"Trucks" is a short story by Stephen King, first published in the June 1973 issue of Cavalier magazine, and later collected in King's 1978 collection Night Shift.

Plot
"Trucks" takes place in a truck stop in the United States. The truck stop is located off a freeway and it features a diner, a gas station, and a convenience store.

The story's narrator and a handful of strangers find themselves trapped together in a freeway truck stop diner after semi-trailers and other large vehicles are suddenly brought to independent life by an unknown force and proceed to gruesomely kill every human in sight. Cars, which remain unaltered, are swiftly battered into wreckage and pedestrians are massacred by rampaging trucks and buses. The six survivors hiding in the diner include the narrator, as well as an elderly counterman, a trucker, a young man named Jerry, his girlfriend, and a salesman named Snodgrass.
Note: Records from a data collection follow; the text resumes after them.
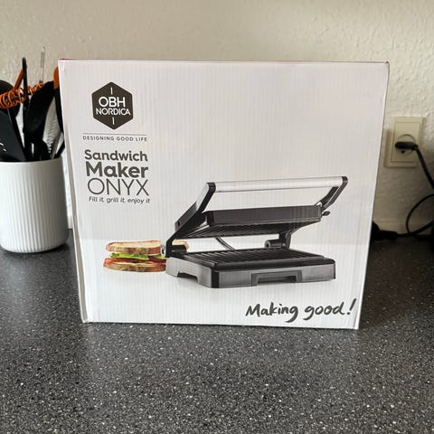 DAY Sandwich Maker med sort plast og metalplader, designet til at lave 2 sandwiches ad gangen. Har indikatorlamper for strøm og klar til brug. Strømtilslutning via ledning. Kompakt og bærbar model.
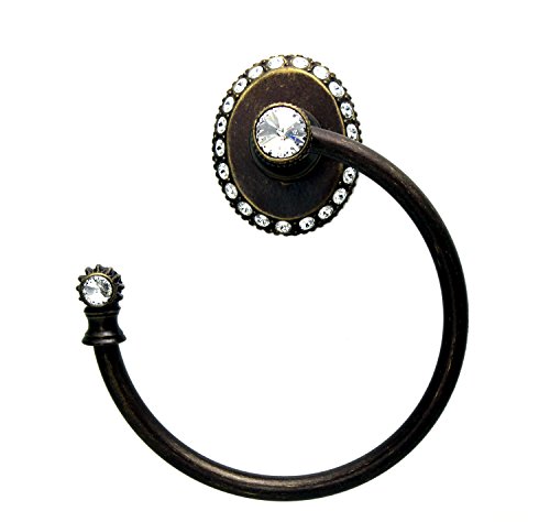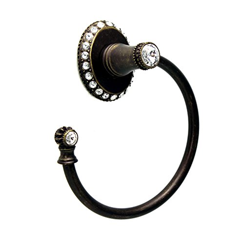 Carpe Diem Hardware 1835-3C Cache II Towel Ring Left Large Escutcheon Made with Swarovski Elements, Antique Brass
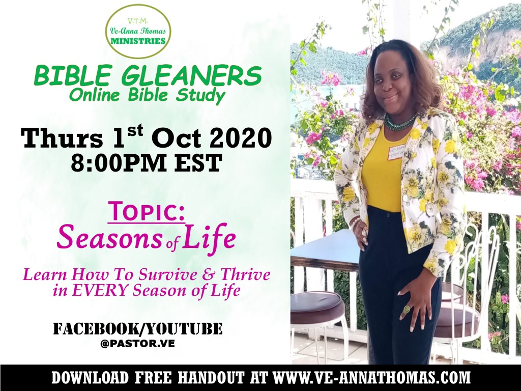 The topic for the next study is “Seasons of Life” on Thursday 1st October 2020. I will be teaching on how to transition from season-to-season and how to survive and thrive in EVERY season of life. As usual, the FREE Bible Study Handout would be available to download from my website, WWW.VE-ANNATHOMAS.COM.
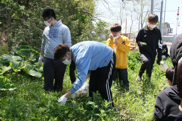 帰り道は、環境美化活動で学校までの道のりをゴミ拾いをしながら戻り
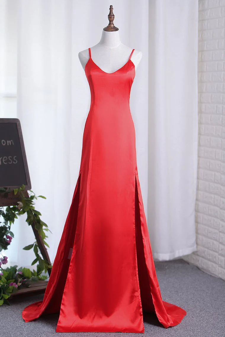 Sexy Sheath/Column Red Slit Party Dresses Elastic Satin
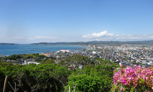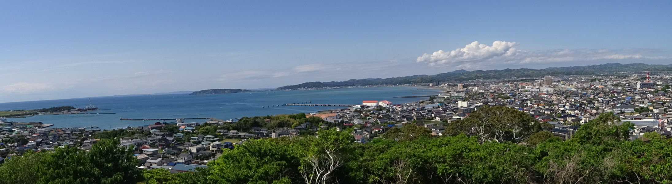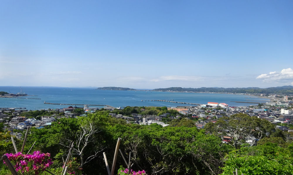 館山からの海もよく見えました。薄く白んでいた空も、くっきりと青空が見えました。いい天気にいい景色です。
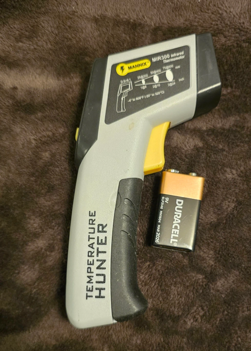Selling a Mannix MIR300 infrared thermometer. It's a Temperature Hunter! It can measure temperatures from -4° to 608°F (-20° to 320°C). /

As the story begins, the counterman and the trucker attempt to radio any other survivors, but the two-way radio fails for unknown reasons. Snodgrass, cracking under the strain, attempts to flee across the stop's parking lot and is hit by a truck. Snodgrass gets propelled into a drainage ditch, taking hours to die from internal bleeding. The situation worsens when the diner's power goes out. The counterman instructs the survivors that they will need to consume the perishable meats and collect good potable water from the restrooms. While the employee's restroom is inside the diner, the men's and ladies' room are by the outdoor gas station, and the narrator's attempt to gather fresh water from those places nearly costs him his life when the trucks realize what he is trying to do. 
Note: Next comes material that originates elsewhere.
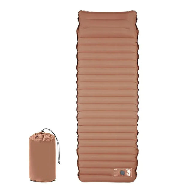 Luftmadrass Med Inbyggd Luftpump Fotpump 10cm, 3.0-3.2 R-värde Dubbla Lager - Brun
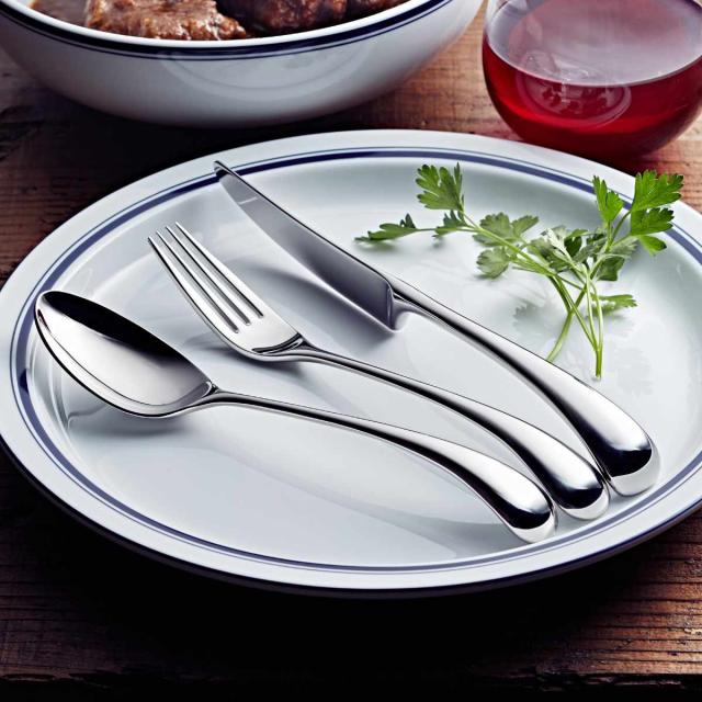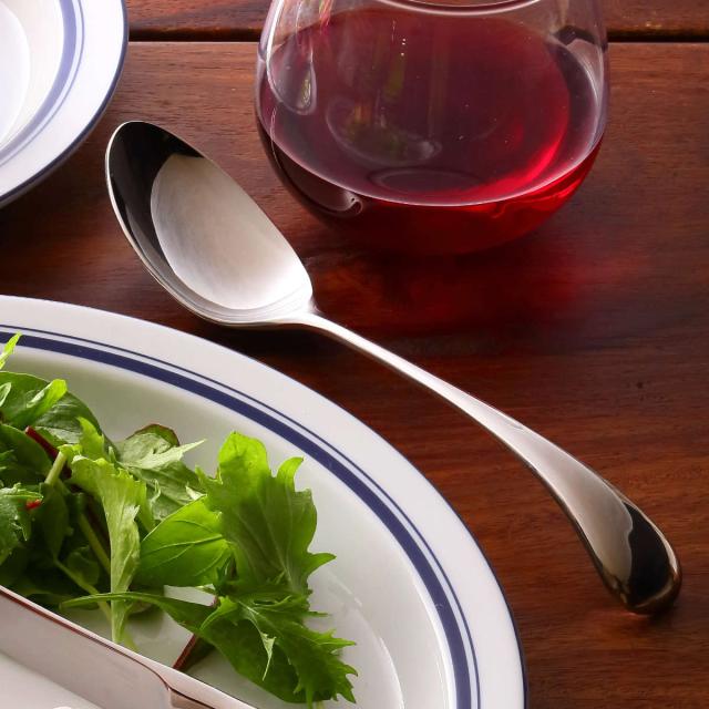 手に馴染みやすく重量感のあるスプーンです。デザート以外にもライス、スープなどにもお使いいただけます。艶やかで上質なカトラリーは、おもてなしシーンや大切な方への贈り物にぴったりです。

Some time later, a glimmer of hope appears when the trucks begin to run out of fuel. An enormous semi-truck noses up to the diner and starts blasting its horn erratically. Jerry remembers from his time in the Boy Scouts that the horn blasts are Morse code, and translates that the trucks are demanding humans start pumping fuel. The trucks assure they will not attack people who refuel them. The narrator is outvoted when he suggests they comply with this, and a bulldozer arrives and proceeds to attack the diner. The narrator and Jerry destroy the bulldozer with improvised Molotov cocktails, but the diner is half-destroyed and Jerry and the trucker are killed.
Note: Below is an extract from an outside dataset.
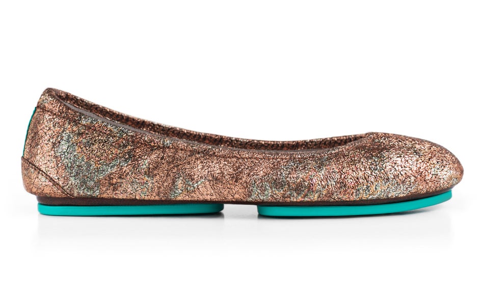 Our Starstruck, Lovestruck, and Moonstruck Tieks are crafted from soft, Italian leather that is pressed with a delicate foil, then tumbled to give the leather a crackled, antiqued appearance. The leather is unique in that it has a subtle, iridescent pattern which gives the leather an uncommonly brilliant shine with a unique pattern. The warm, metallic luster of these leathers create a dazzle that the typical glitter leather cannot match.

The remaining three humans surrender and, taking turns, start pumping the gas into the mile-long string of waiting trucks. When the narrator exhausts the fuel reserve of the truck stop's gas station, a fuel tanker arrives to replenish the fuel cisterns. When the narrator is at a point of collapsing, he is relieved by the counterman, who starts pumping gas for his "shift". The narrator says that he will have to show the girl how to handle a fuel pump, and that she will do it because she wants to live. The narrator thinks to himself that perhaps this will last only until the trucks run out of fuel, rust, and fall apart, but he then has a grim vision of forced assembly lines churning out new generations of trucks, and the trucks, aided by construction vehicles and tanks, doing great efforts such as draining the Okefenokee Swamp and paving much of the wild backcountry, stamping it into a great plain. The story ends as a pair of planes fly overhead, and the narrator laments "I wish I could believe there are people in them."

Adaptations
The story has been adapted into two films. In 1986, it was adapted for cinema with the King-directed Maximum Overdrive. In 1997, it was adapted again as the TV movie Trucks, starring Timothy Busfield, which was made on a considerably smaller budget than Maximum Overdrive but was much more faithful to the original story.

See also
 Stephen King short fiction bibliography

External links
 The story at HorrorKing.com
 

1973 short stories
Horror short stories
Short stories adapted into films
Short stories by Stephen King
Works originally published in Cavalier (magazine)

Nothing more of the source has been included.